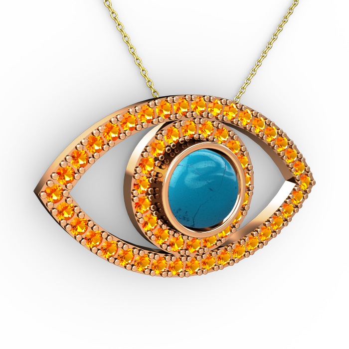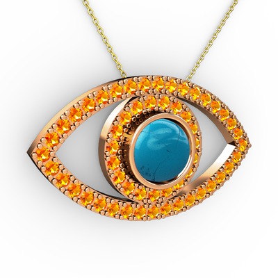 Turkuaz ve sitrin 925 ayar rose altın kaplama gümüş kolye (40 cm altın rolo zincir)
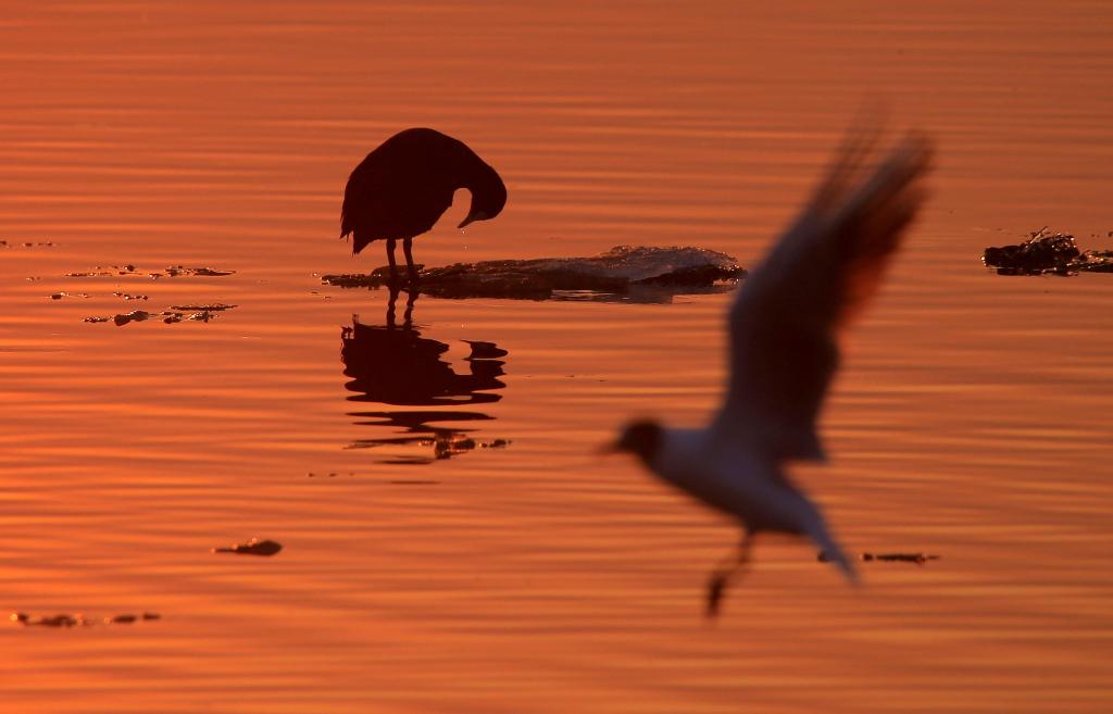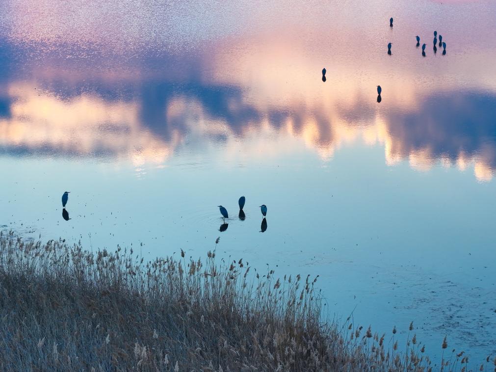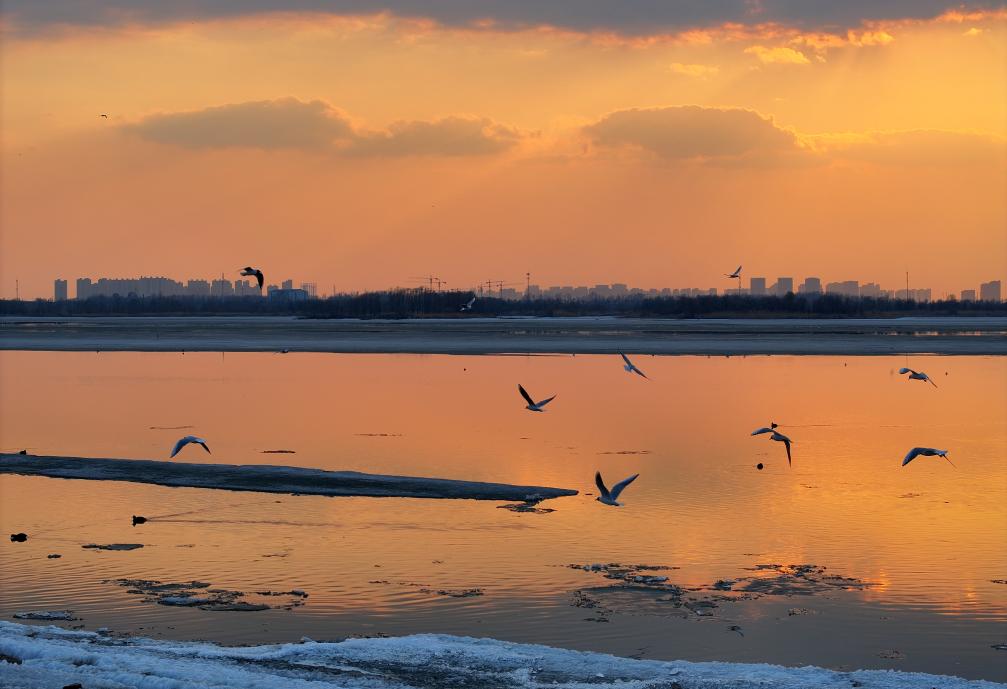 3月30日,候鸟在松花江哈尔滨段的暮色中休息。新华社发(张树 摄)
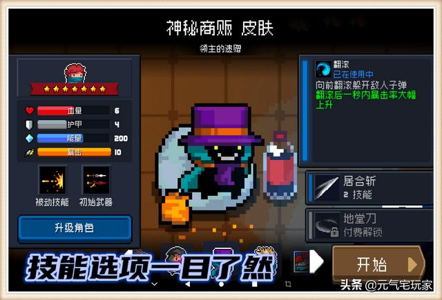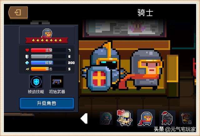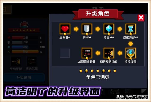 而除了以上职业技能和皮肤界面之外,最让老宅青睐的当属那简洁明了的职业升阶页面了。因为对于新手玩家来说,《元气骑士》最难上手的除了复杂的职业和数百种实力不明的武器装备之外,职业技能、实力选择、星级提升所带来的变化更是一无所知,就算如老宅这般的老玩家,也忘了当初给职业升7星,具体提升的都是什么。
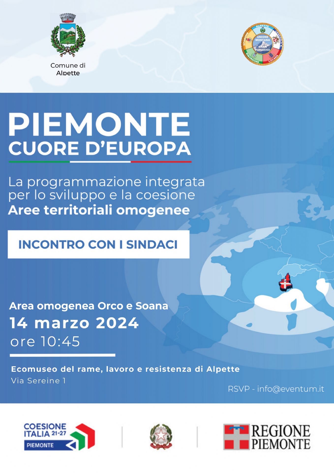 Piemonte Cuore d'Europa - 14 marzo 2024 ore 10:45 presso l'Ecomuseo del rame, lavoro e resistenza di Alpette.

------------------------------

Give the listing again word for word. Skip every image.

 Turkuaz ve sitrin 925 ayar rose altın kaplama gümüş kolye (40 cm altın rolo zincir)
 3月30日,候鸟在松花江哈尔滨段的暮色中休息。新华社发(张树 摄)
 而除了以上职业技能和皮肤界面之外,最让老宅青睐的当属那简洁明了的职业升阶页面了。因为对于新手玩家来说,《元气骑士》最难上手的除了复杂的职业和数百种实力不明的武器装备之外,职业技能、实力选择、星级提升所带来的变化更是一无所知,就算如老宅这般的老玩家,也忘了当初给职业升7星,具体提升的都是什么。
 Piemonte Cuore d'Europa - 14 marzo 2024 ore 10:45 presso l'Ecomuseo del rame, lavoro e resistenza di Alpette.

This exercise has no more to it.